──────── DATA SUPPLIED ────────
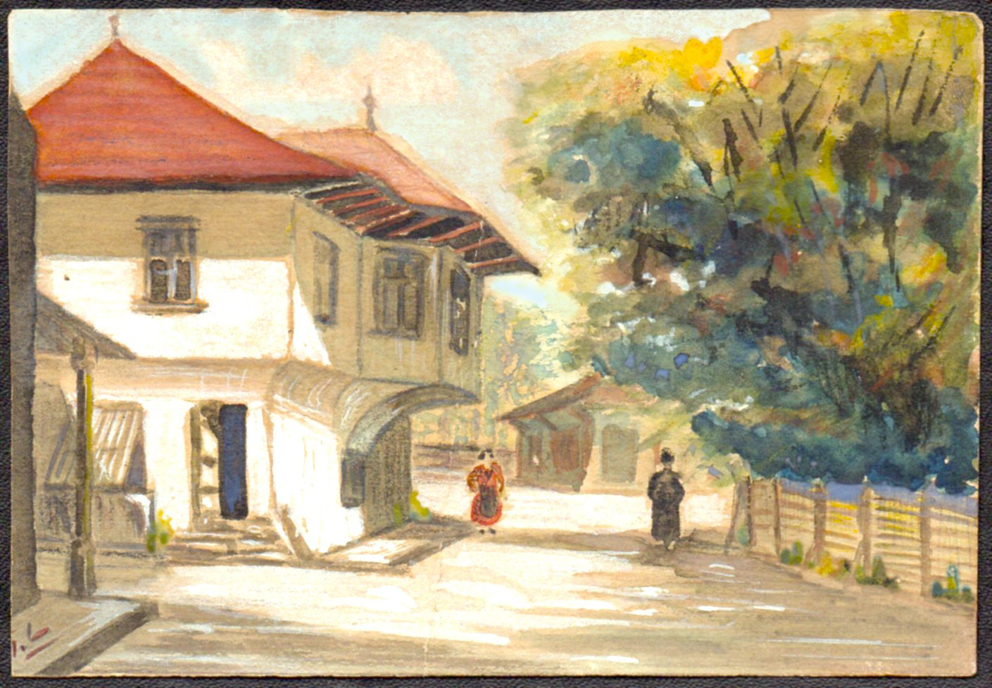 Bucharest 1866 : Blănari street at 3 p. m., by Dieudonné Lancelot (dead 1894)
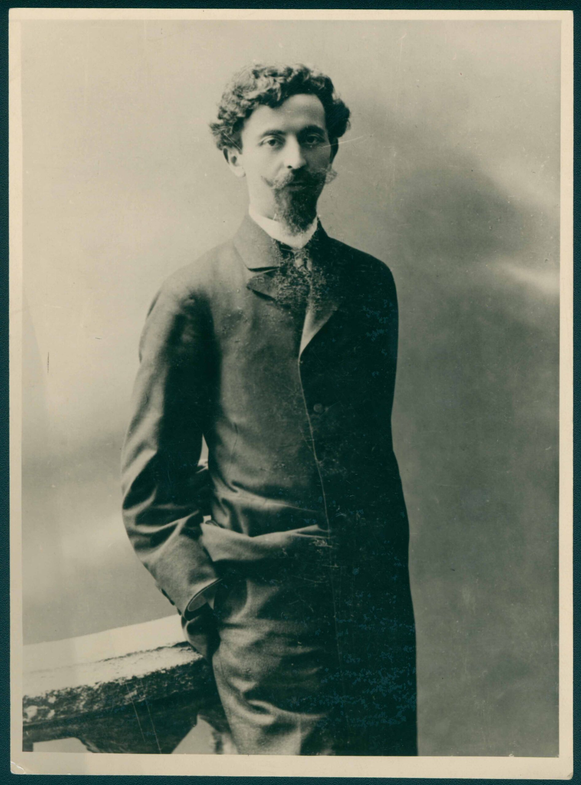 IMARO revolutionary/ies
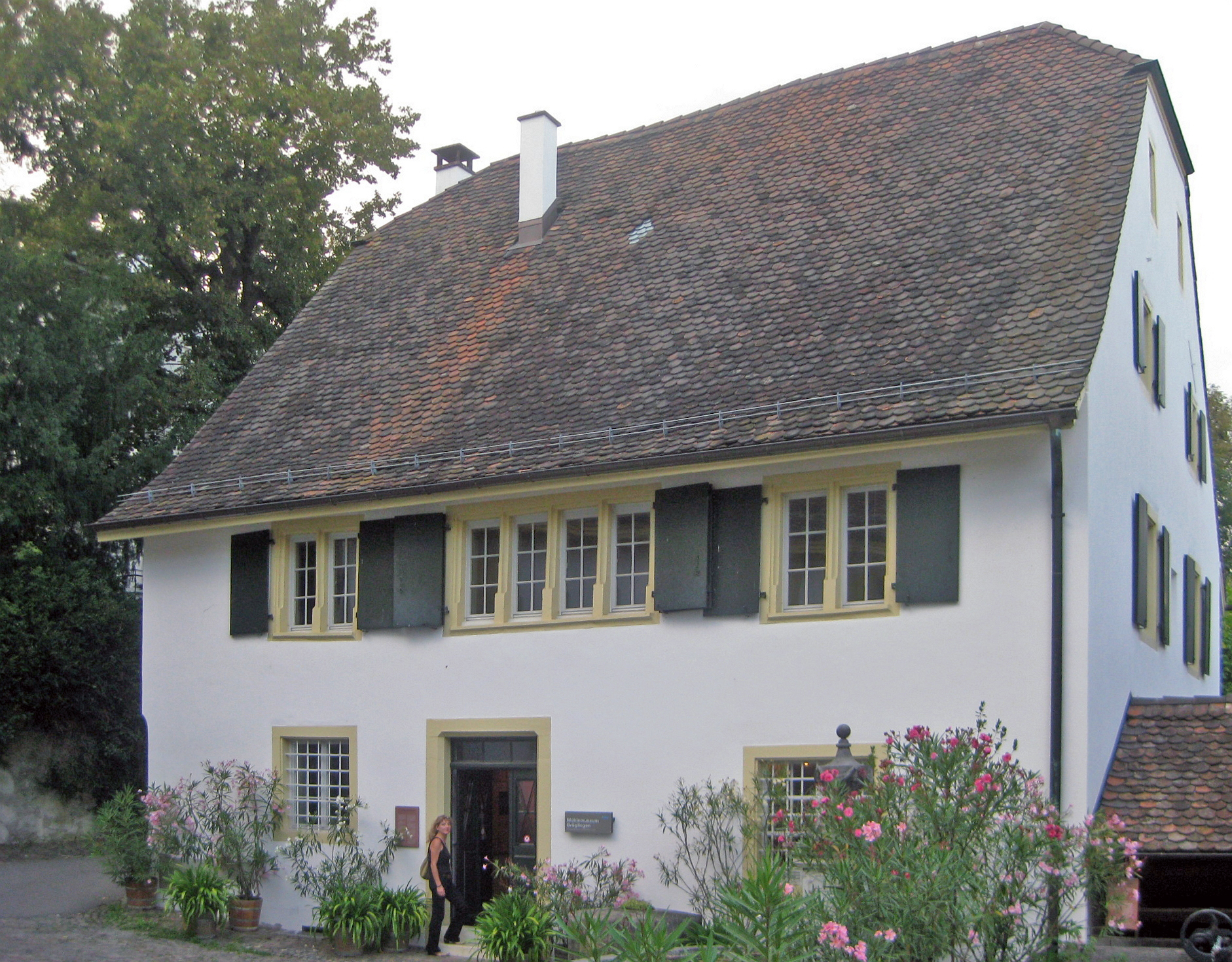 Watermill Museum, Brüglingen, Münchensten, Front, Entrance
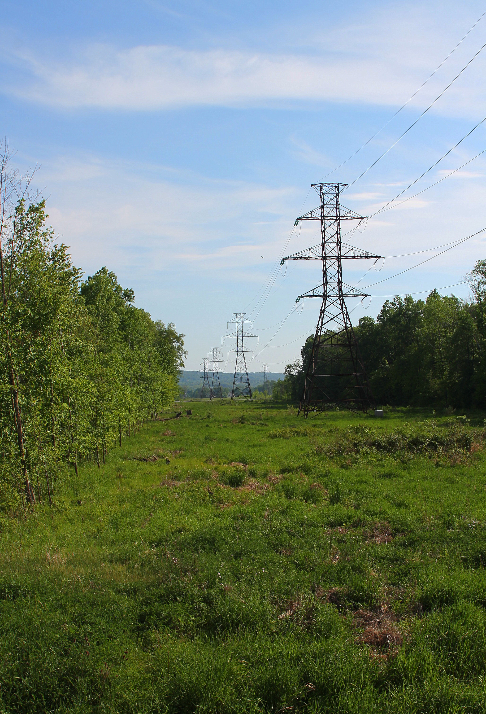 Power lines in Derry Township, Montour County, Pennsylvania from Ppl Road.
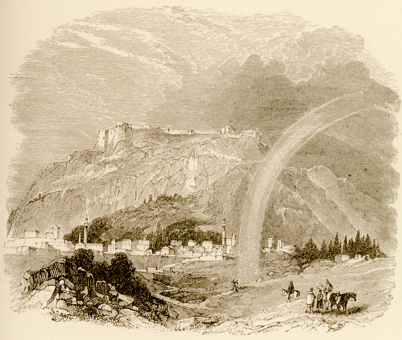 Christopher Wordsworth. Greece Pictorial, Descriptive, & Historical, and a History of the Characteristics of Greek Art, London, John Murray, 1882.
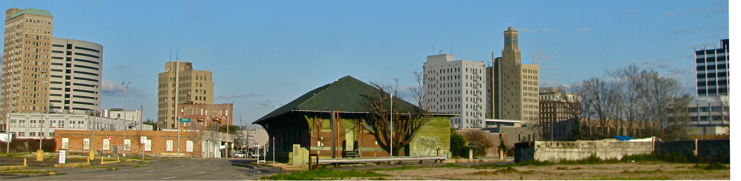 Skyline of Beaumont, Texas.
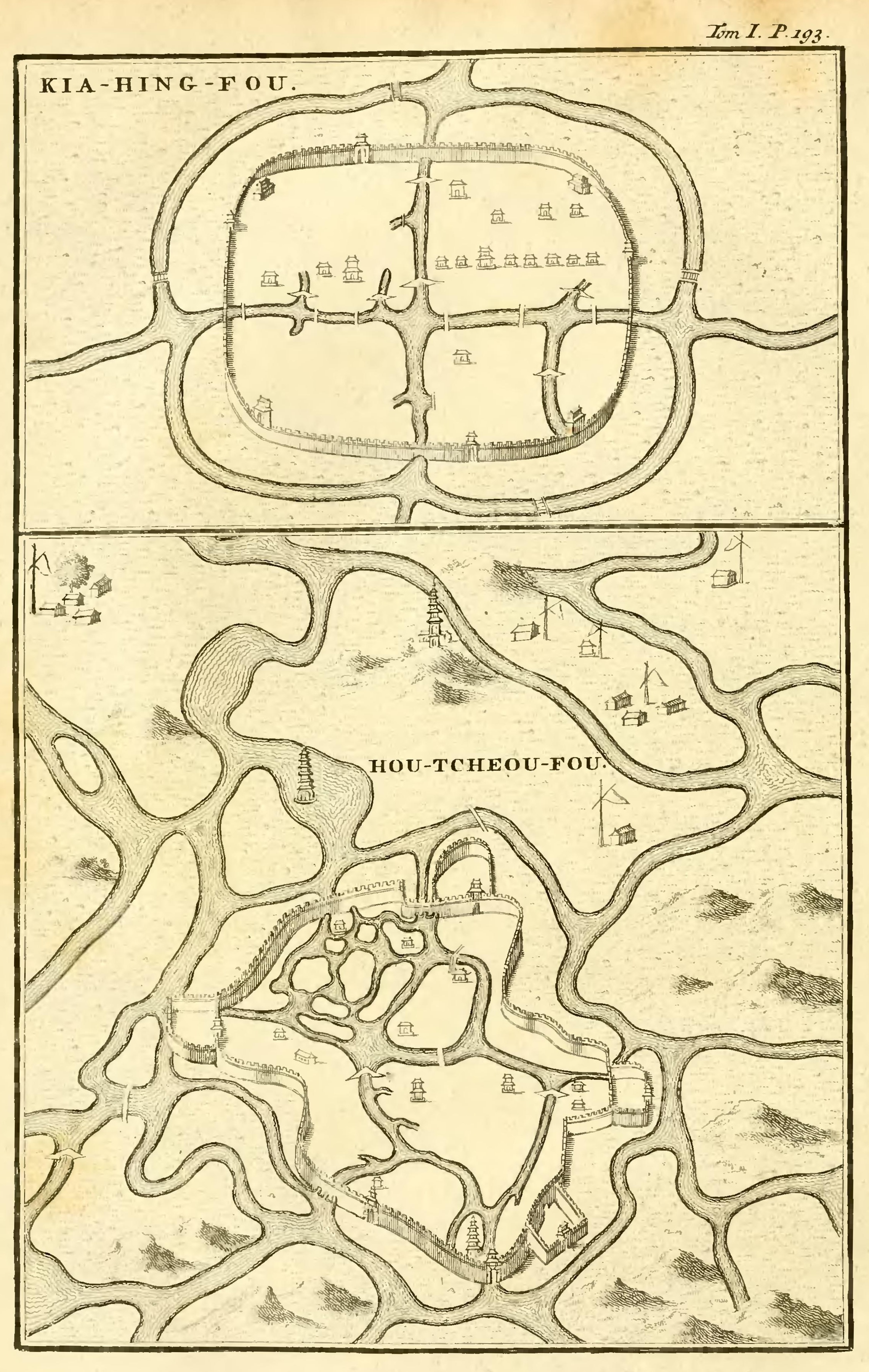 An engraving from La Haye's edition of Du Halde's Description of China, Vol. I, p. 193. Maps of Jiaxingfu (嘉兴府) and Huzhoufu (湖州府) in northern Zhejiang, China.
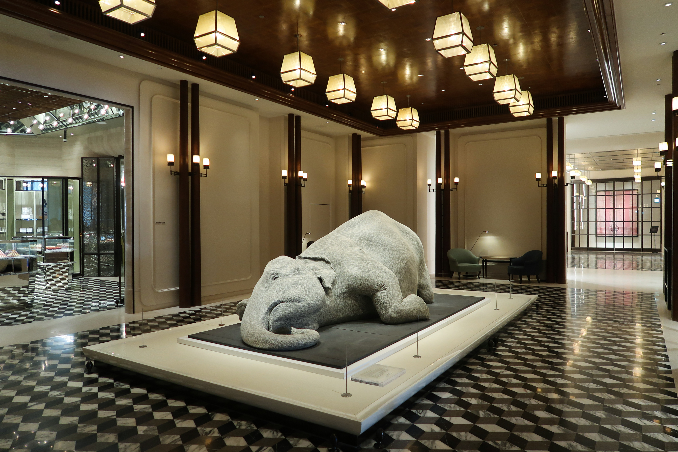 Rosewood Hong Kong Lobby, The Skin Speaks A Language Not Its Own
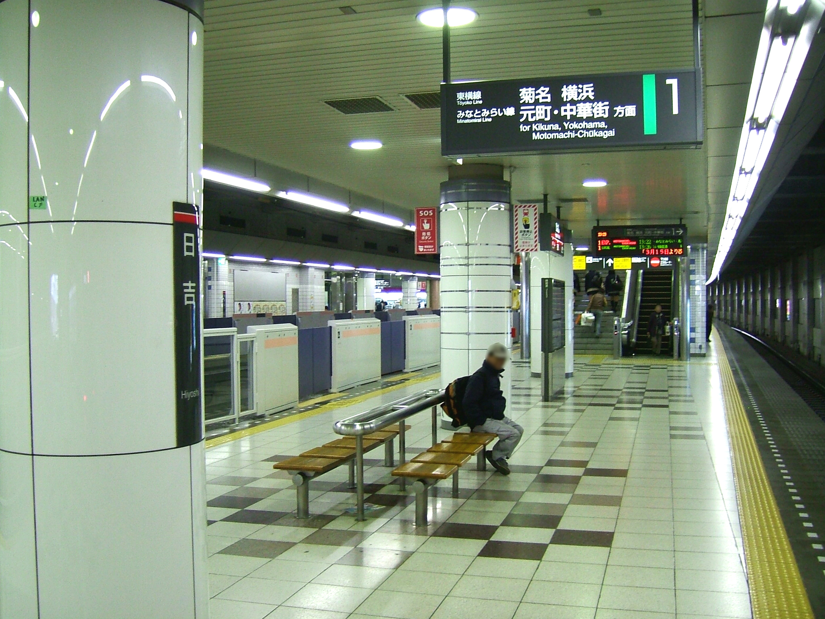 Hiyoshi Station platform (Tōkyū Tōyoko Line)
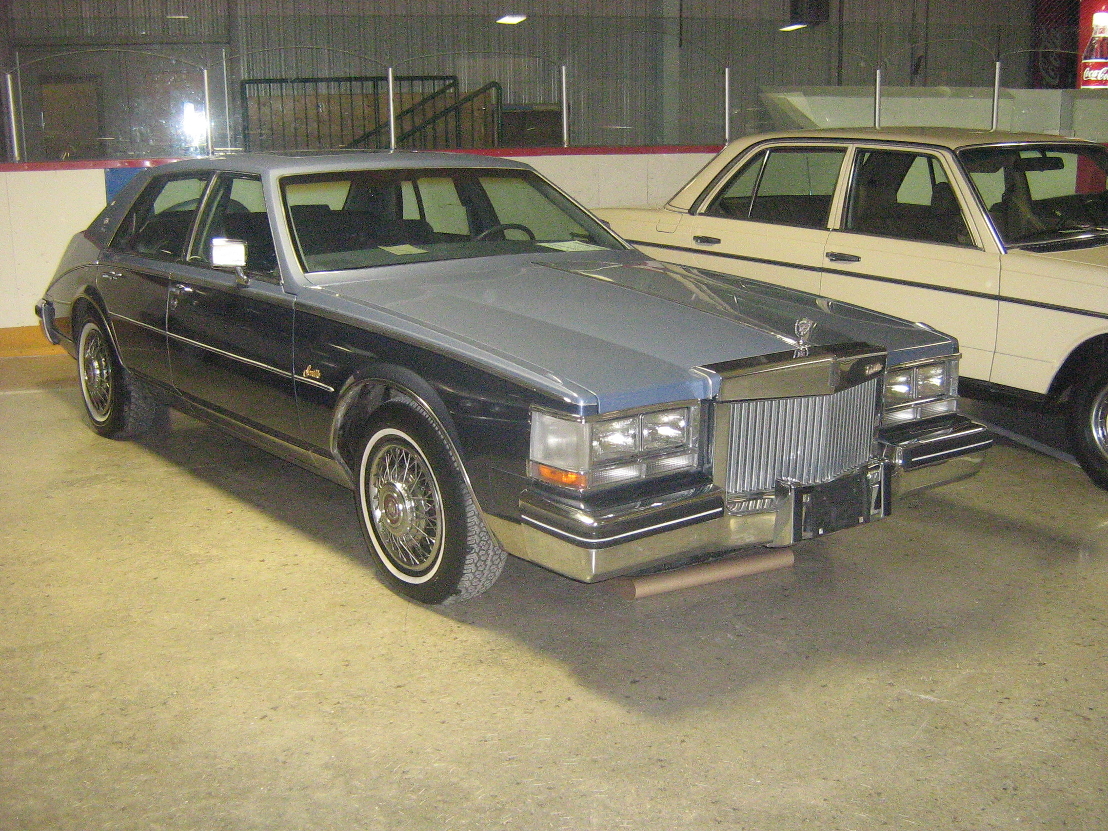 This 1984 Cadillac Seville Elegante belonged to a friend of mine - I drove it though the auction for him. Got decent money I thought.
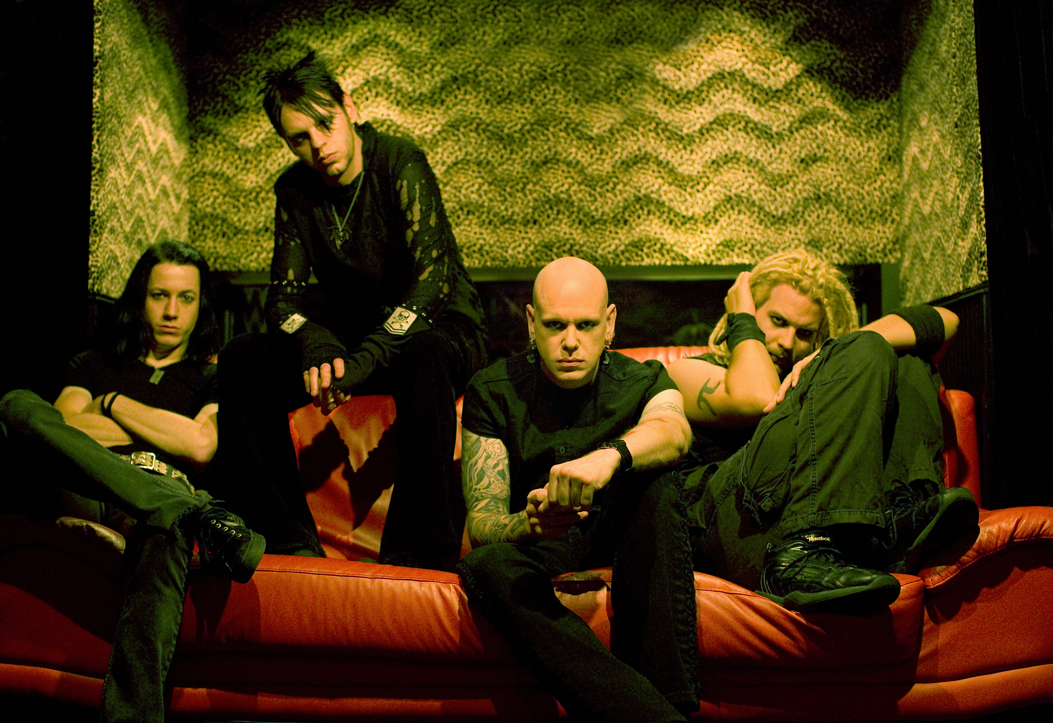 Members of the Band God Head
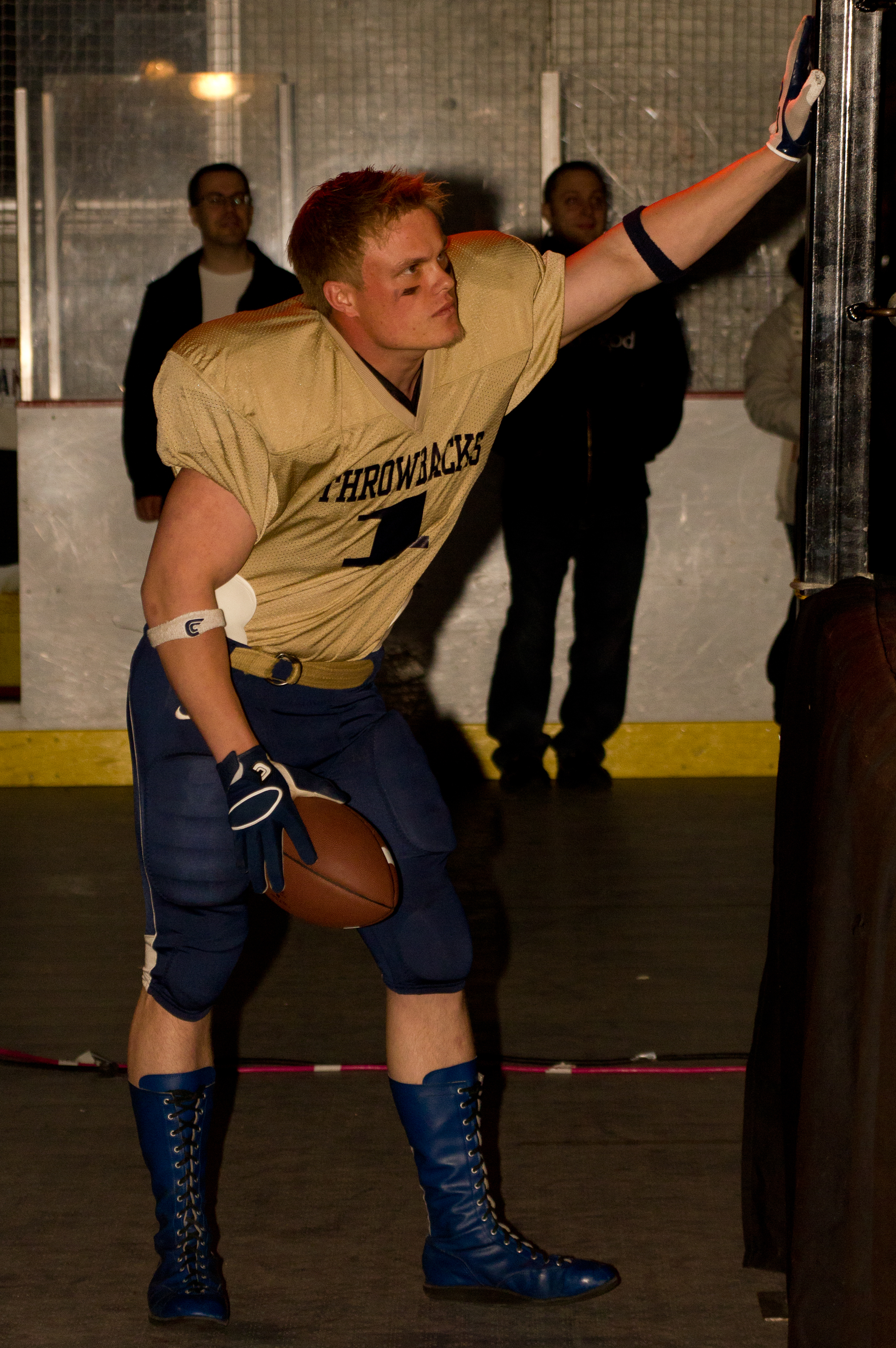 Professional wrestler Mark Angelosetti at a CHIKARA event.
────────
ABOUT THIS EXERCISE:
What is the exact wording of the lines from the one bearing "Power lines in" through the final line of the records above? Write it out without the pictures.

COMPLETED EXERCISE:
 Power lines in Derry Township, Montour County, Pennsylvania from Ppl Road.
 Christopher Wordsworth. Greece Pictorial, Descriptive, & Historical, and a History of the Characteristics of Greek Art, London, John Murray, 1882.
 Skyline of Beaumont, Texas.
 An engraving from La Haye's edition of Du Halde's Description of China, Vol. I, p. 193. Maps of Jiaxingfu (嘉兴府) and Huzhoufu (湖州府) in northern Zhejiang, China.
 Rosewood Hong Kong Lobby, The Skin Speaks A Language Not Its Own
 Hiyoshi Station platform (Tōkyū Tōyoko Line)
 This 1984 Cadillac Seville Elegante belonged to a friend of mine - I drove it though the auction for him. Got decent money I thought.
 Members of the Band God Head
 Professional wrestler Mark Angelosetti at a CHIKARA event.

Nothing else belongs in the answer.